Metadata-Version: 2.4
Name: spot-planner
Version: 0.2.2
Classifier: Development Status :: 4 - Beta
Classifier: Intended Audience :: Developers
Classifier: Intended Audience :: Science/Research
Classifier: License :: OSI Approved :: MIT License
Classifier: Operating System :: OS Independent
Classifier: Programming Language :: Python :: 3
Classifier: Programming Language :: Python :: 3.10
Classifier: Programming Language :: Python :: 3.11
Classifier: Programming Language :: Python :: 3.12
Classifier: Programming Language :: Python :: 3.13
Classifier: Programming Language :: Rust
Classifier: Topic :: Scientific/Engineering :: Mathematics
Classifier: Topic :: Software Development :: Libraries :: Python Modules
Classifier: Typing :: Typed
Summary: Algorithm for finding the cheapest periods in a sequence of prices
Keywords: spot-pricing,optimization,algorithm,cost-analysis,time-series
Author-email: Jaakko Vuori <jaakko.vuori@gmail.com>
License: MIT
Requires-Python: >=3.10
Description-Content-Type: text/markdown; charset=UTF-8; variant=GFM
Project-URL: Homepage, https://github.com/jvuori/spot-planner
Project-URL: Bug Reports, https://github.com/jvuori/spot-planner/issues
Project-URL: Source, https://github.com/jvuori/spot-planner
Project-URL: Documentation, https://github.com/jvuori/spot-planner#readme

# Spot Planner

A high-performance Python library for finding optimal time periods in price sequences.
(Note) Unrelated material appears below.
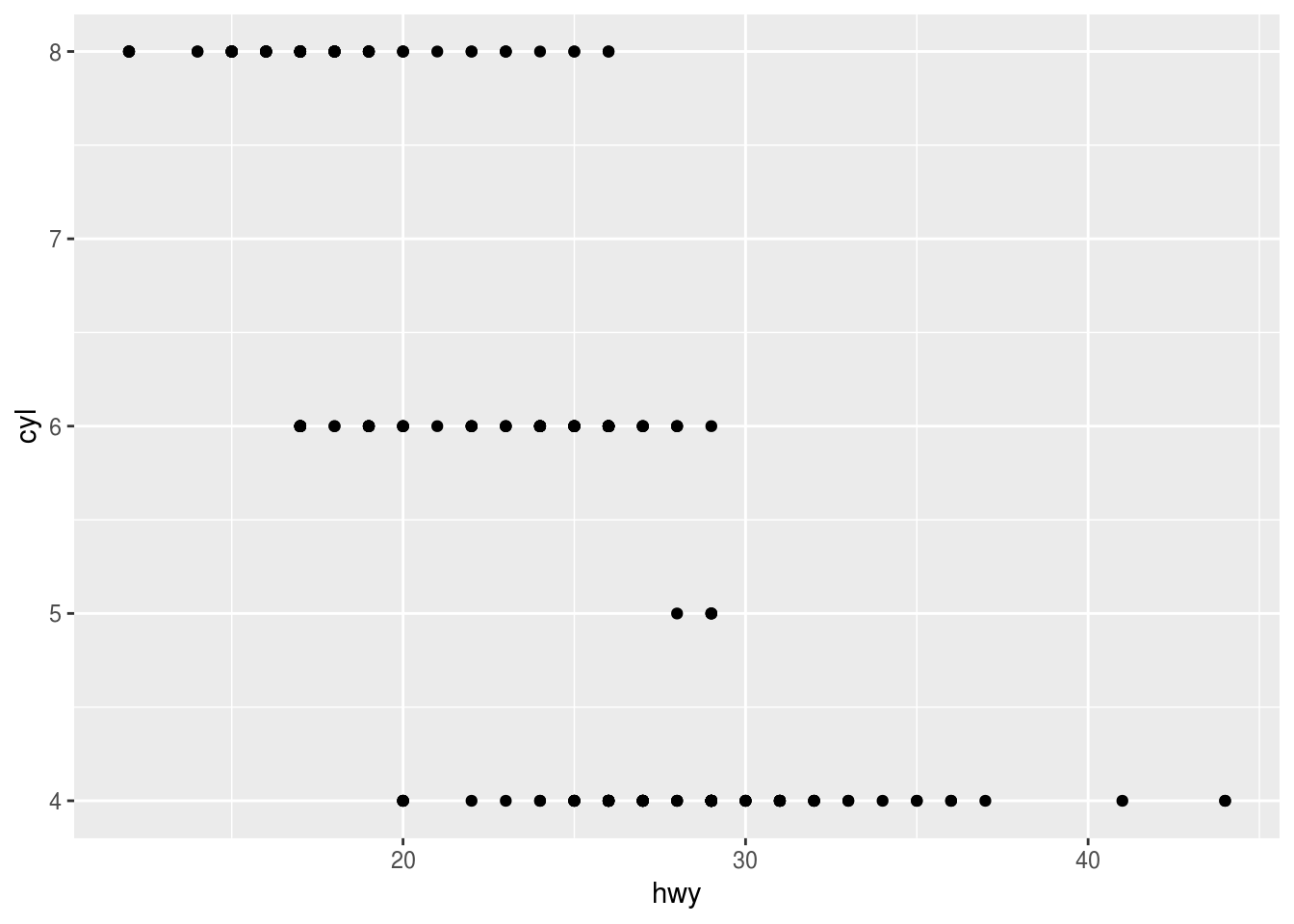 mean? How do they relate to this plot?ggplot(data = mpg) + geom_point(mapping = aes(x = drv, y = cyl))

Perfect for spot price analysis, cost optimization, and resource planning.

## What is Spot Planner?

Spot Planner helps you identify the most cost-effective periods in a sequence of prices. Whether you're analyzing electricity spot prices, cloud computing costs, or any time-series pricing data, this library efficiently finds periods that meet your criteria.

### Key Features

- 🚀 **High Performance**: Core algorithm implemented in Rust for maximum speed
- 🐍 **Python Native**: Seamless Python integration with automatic fallback
- 📊 **Flexible Criteria**: Find periods based on price thresholds, duration, and gaps
- 🔧 **Easy Integration**: Simple API that works with any price sequence
- ⚡ **Zero Dependencies**: No external dependencies required

## Installation

### Using uv (Recommended)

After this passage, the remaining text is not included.